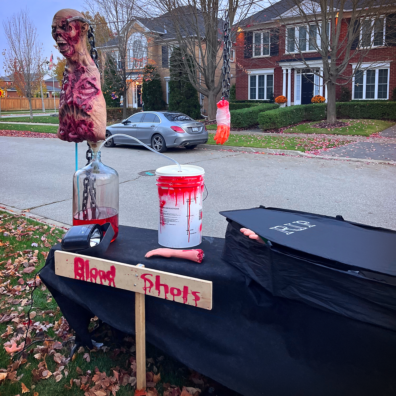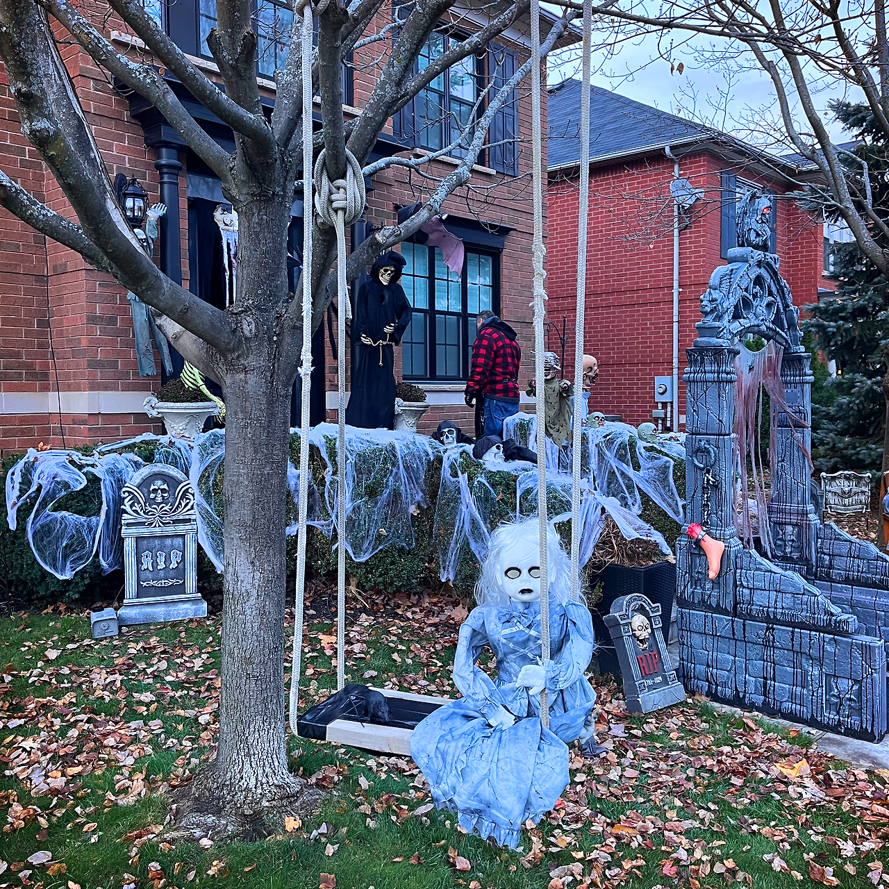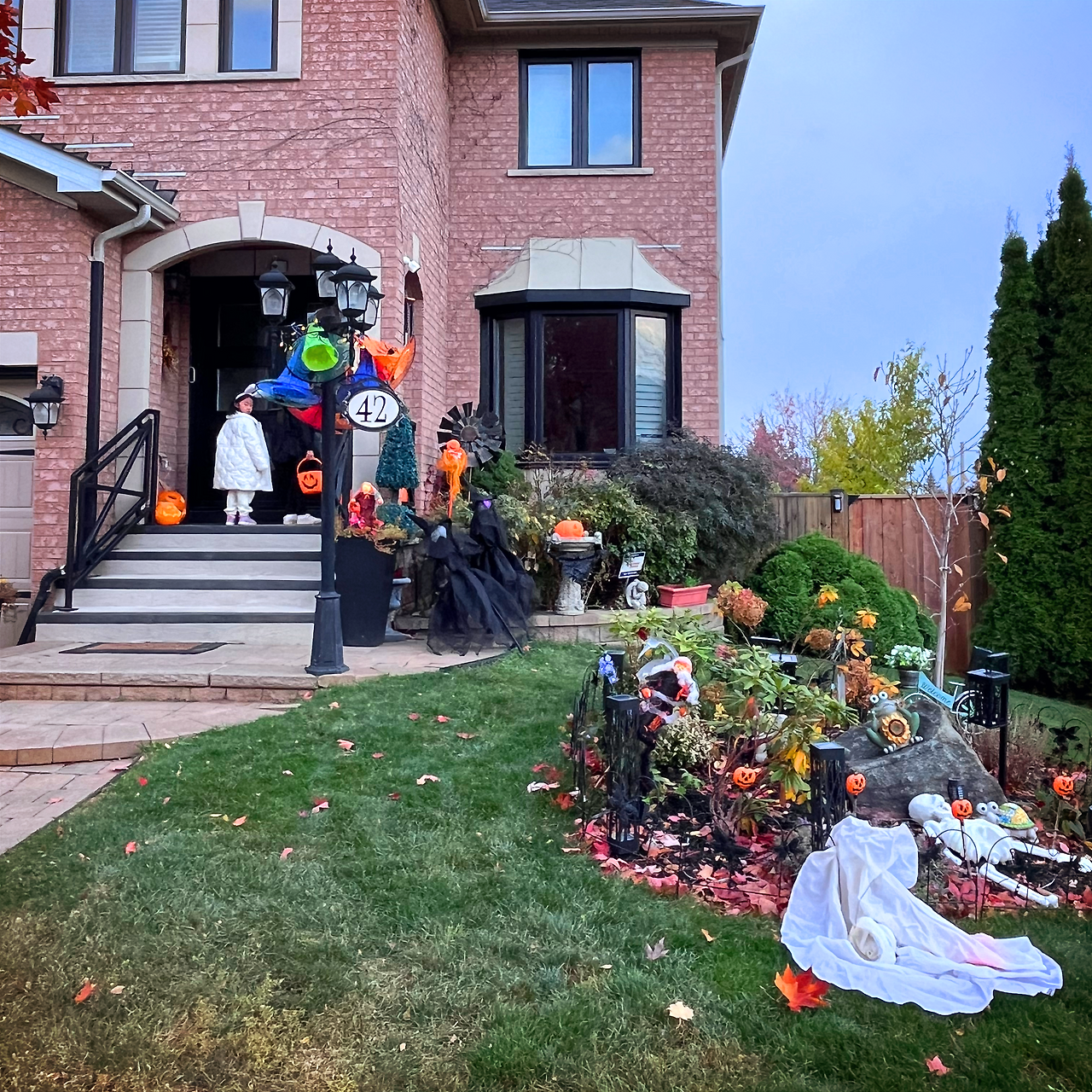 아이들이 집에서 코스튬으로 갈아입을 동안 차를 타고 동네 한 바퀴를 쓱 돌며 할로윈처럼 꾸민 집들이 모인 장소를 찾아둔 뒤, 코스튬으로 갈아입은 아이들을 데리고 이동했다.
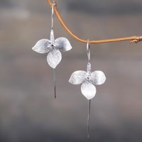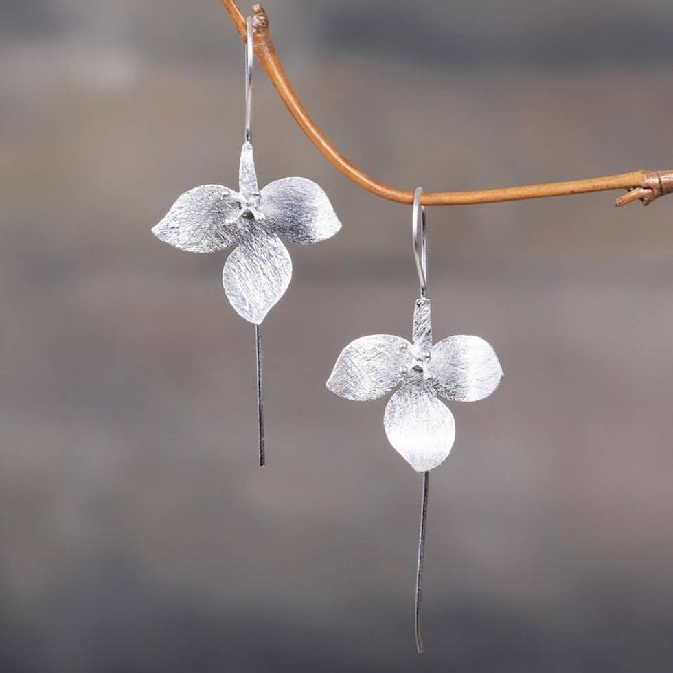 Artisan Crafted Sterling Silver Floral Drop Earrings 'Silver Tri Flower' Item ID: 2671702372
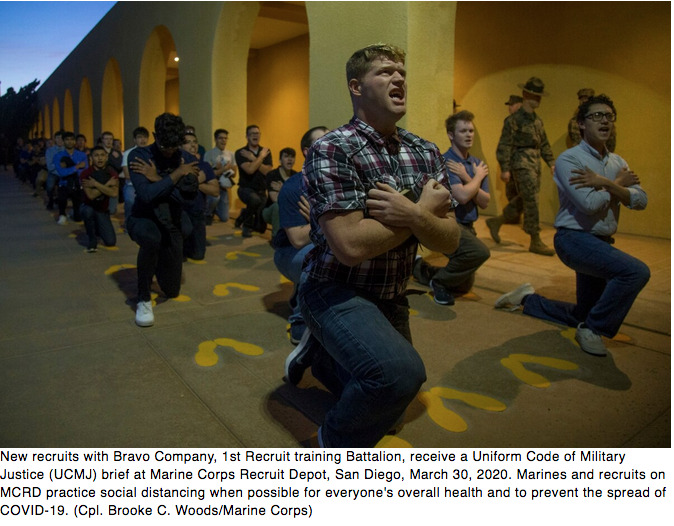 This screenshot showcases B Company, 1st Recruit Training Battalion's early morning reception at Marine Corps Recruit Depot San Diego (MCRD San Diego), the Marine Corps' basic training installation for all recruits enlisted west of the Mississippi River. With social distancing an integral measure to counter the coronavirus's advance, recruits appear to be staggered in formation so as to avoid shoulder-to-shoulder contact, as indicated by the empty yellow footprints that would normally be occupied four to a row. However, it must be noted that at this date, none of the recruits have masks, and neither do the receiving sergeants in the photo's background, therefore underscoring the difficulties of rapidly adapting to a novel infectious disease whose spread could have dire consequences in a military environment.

(Assignment) The answer should consist solely of the lines from the one containing "Artisan Crafted Sterling" through the last line of the material, copied exactly, with pictures left out.

(Written response)
 Artisan Crafted Sterling Silver Floral Drop Earrings 'Silver Tri Flower' Item ID: 2671702372
 This screenshot showcases B Company, 1st Recruit Training Battalion's early morning reception at Marine Corps Recruit Depot San Diego (MCRD San Diego), the Marine Corps' basic training installation for all recruits enlisted west of the Mississippi River. With social distancing an integral measure to counter the coronavirus's advance, recruits appear to be staggered in formation so as to avoid shoulder-to-shoulder contact, as indicated by the empty yellow footprints that would normally be occupied four to a row. However, it must be noted that at this date, none of the recruits have masks, and neither do the receiving sergeants in the photo's background, therefore underscoring the difficulties of rapidly adapting to a novel infectious disease whose spread could have dire consequences in a military environment.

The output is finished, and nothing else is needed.